If I want to group_by
and filter
those with any NA
or factor
value in a dataset, I want to use any
function within dplyr
but finding it slow to run for NAs
or factor
(but not for finding any numeric value). Example data:
library(tidyverse)
set.seed(10)
df <- data.frame( group = rep((paste("g", seq(1, 50000, 1), sep = "" )), each =500, length.out = 2500000),
binary = rbinom(2500000, 1, 0.5),
narow = rep(letters[1:26], each = 2, length.out = 2500000))
df <- df %>%
dplyr::mutate(narow = replace(narow, row_number() == 345 | row_number() == 77777, NA) )
str(df)
#'data.frame': 2500000 obs. of 3 variables:
#$ group : Factor w/ 5000 levels "g1","g10","g100",..: 1 1 1 1 1 1 1 1 1 1 ...

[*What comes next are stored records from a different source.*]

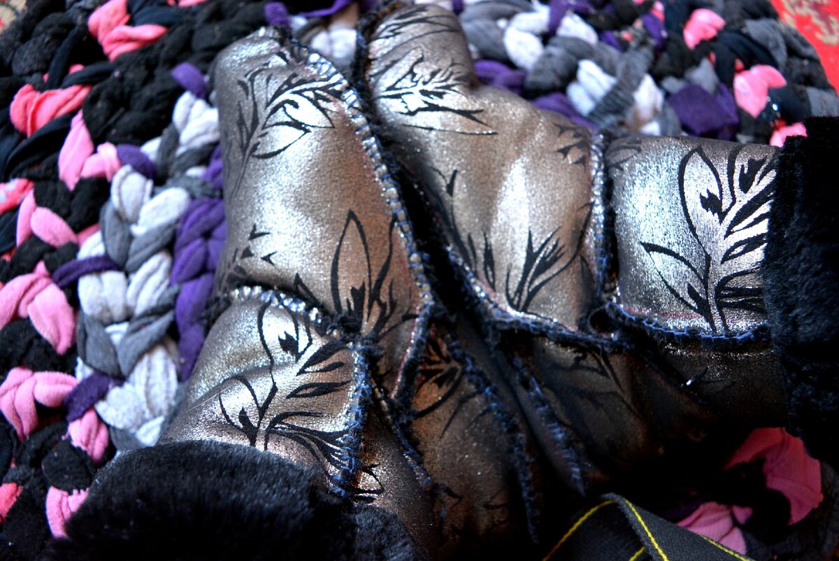 В деревенском доме в предзимье становится прохладно, особенно стынут ноги по утрам - печка за ночь остывает. На этот случай я сшила себе и дочке по паре тепленьких сапожек-угг из искусственной дубленки. Выкройка дана на размер ноги 38 с учетом плотного меха, но если есть необходимость уменьшить или увеличить, то советую после самостоятельной корректировки выкройки сделать пробный сапожек из ненужной ткани - пилотный образец)) Выкройка под статьей в галерее! Итак, раскрой в один слой, я обводила детали мягким акварельным карандашом. Припуски на швы 0,5-0,7 см. После вырезания всех деталей я сначала вручную обобрала мех по срезам, а потом острыми ножницами сняла мех по краям примерно на ширину 1 см. Получились выстриженные кромки, благодаря которым слой меха при складывании не будет смещаться, да и толщина станет поменьше. Сначала я планировала сшить детали на швейной машине, но по замшевой поверхности металлическая лапка отказалась передвигаться, а специальной пластиковой лапки для кож
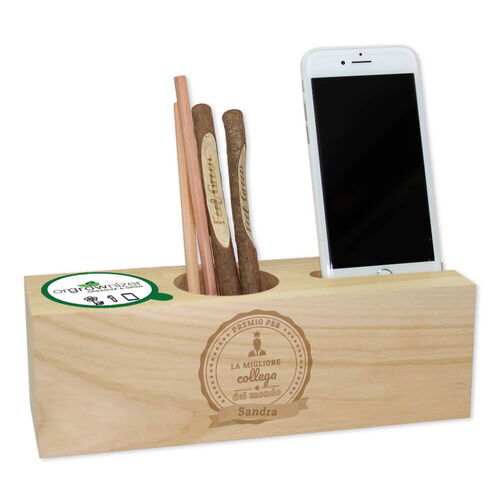 Premio per la migliore collega del mondo! Che si tratti di un regalo per i tuoi dipendenti, di ringraziamento o d'addio, di compleanno o una piacevole via di mezzo – la migliore collega del mondo sarà onorata di ricevere questo regalo originale! Questo gadget green non passa di certo inosservato! Farà bella mostra di sé sulla scrivania e ricorderà alla tua collega tutti i momenti divertenti trascorsi insieme in ufficio! Il Desk Organizer offre spazio sufficiente per numerose penne e uno smartphone e contiene già tutti i componenti necessari per piantare un piccolo giardino in un batter d'occhio.
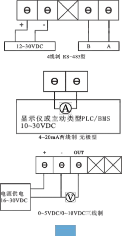LFM108可選擇電壓型(0~5/10VDC)和電流型(4~20mA)輸出方式。其中電壓型為三線制輸出,需按照標示接線;電流型為兩線制輸出,且無極性,可任意調換接線。輸出RS-485通訊信號,可選擇Modbus標準通訊協(xié)議或BACnet MS/TP通訊協(xié)議。Modbus標準通訊協(xié)議使用協(xié)議中0x03(讀保持寄存器)、0x06(寫單個寄存器)兩種功能碼,具體協(xié)議詳見《LFM108-Mod通訊協(xié)議》;BACnet MS/TP具體協(xié)議詳見《LFM108-BACnet通訊協(xié)議》。其中,排針為RS-485 A-B線匹配電阻跳線,當通訊距離超過300米時,可選擇將末端儀表跳線連接,以降低通訊電路信號反射干擾。
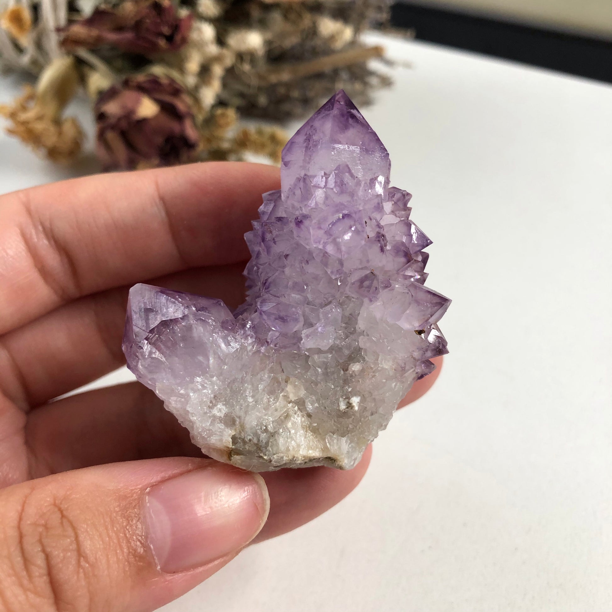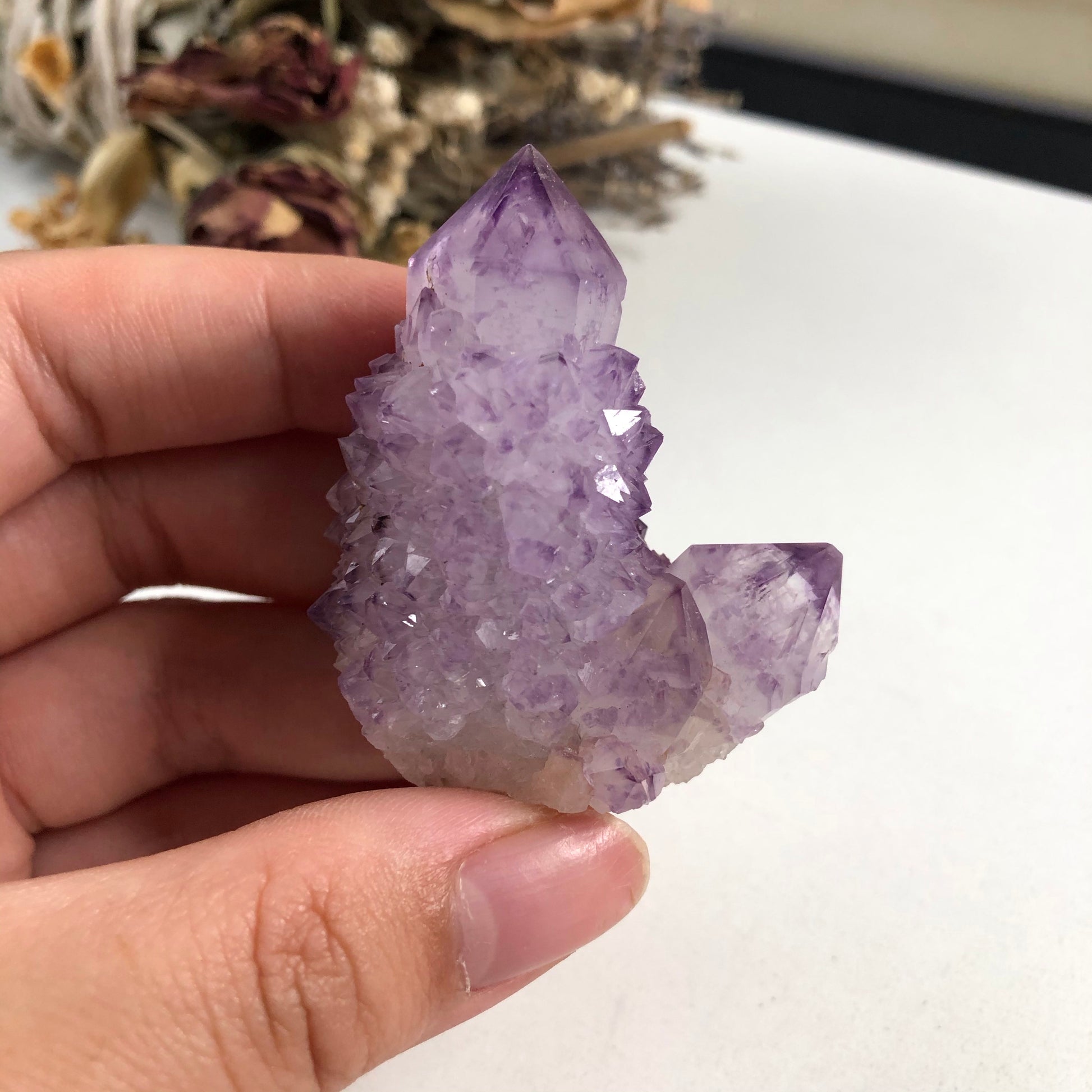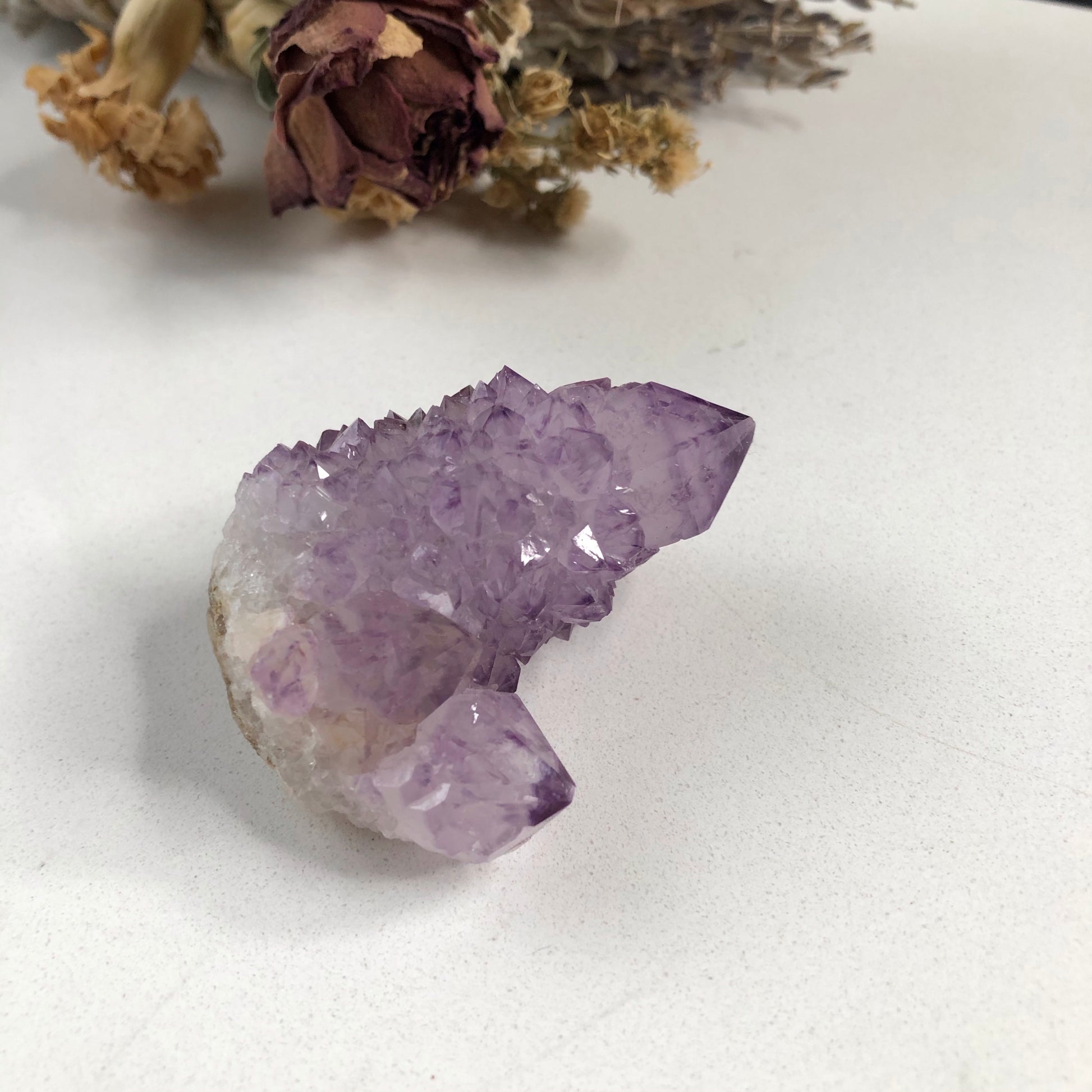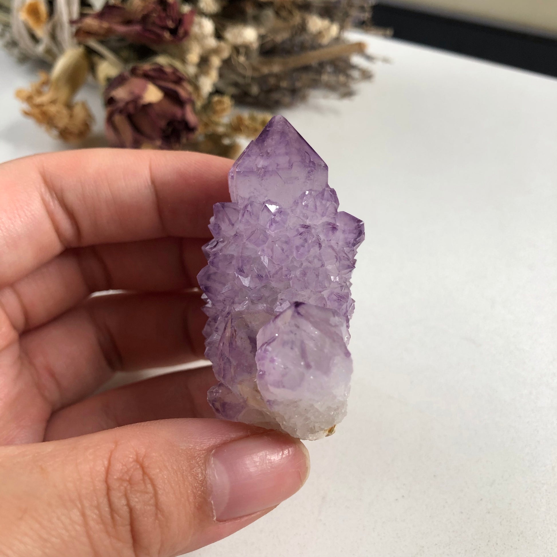 Spirit Quartz also known as Fairy or Cactus Quartz because of the candle stick shape it forms with lots of tiny crystal points on one larger point. It is a variety of Amethyst only found in mines in South Africa. Spirit Quartz can be found in various tones of purple, white and yellow/brown due to iron inclusions in the formation. It is a high vibrational crystal, which connects you to your higher self use it to manifest and connect with your spirit guides. Spirit Quartz has a powerful vibration that emits from the points in all directions, it brings joyful and uplifting energies. Use it to overcome your fears and insecurities. It is said to also be useful for those who want to enhance their emotions of compassion and generosity. Ideal for those whose work involves healing, transformation and creativity, for example, healers and teachers.

#$ binary: int 1 0 0 1 0 0 0 0 1 0 ...
#$ narow : Factor w/ 26 levels "a","b","c","d",..: 1 1 2 2 3 3 4 4 5 5 ...
Now lets group_by
and extract those groups with any
binary==1
:
system.time(
dfnew <- df %>%
group_by(group) %>%
filter(any(binary == 1))
)
# user system elapsed
# 0.1 0.0 0.1
This runs quickly but when I do the same thing for finding any NAs
it is very slow (I have a much bigger dataset):
system.time(
dfnew <- df %>%
group_by(group) %>%
filter(any(is.na(narow)))
)
# user system elapsed
# 5.25 8.49 13.75
This seems extremely slow considering it is quick for the previous code which is very similar (1 vs 13.75s). Is this to be expected or am I doing something wrong? I would like to continue to use any
function as I find it intuitive.
EDIT
It seems to go beyond just NAs
. If I filter
any
factor variable I get a slow response too:
system.time(
dfnew <- df %>%
group_by(group) %>%
filter(any(narow == "a"))
)
user system elapsed
5.32 7.45 12.83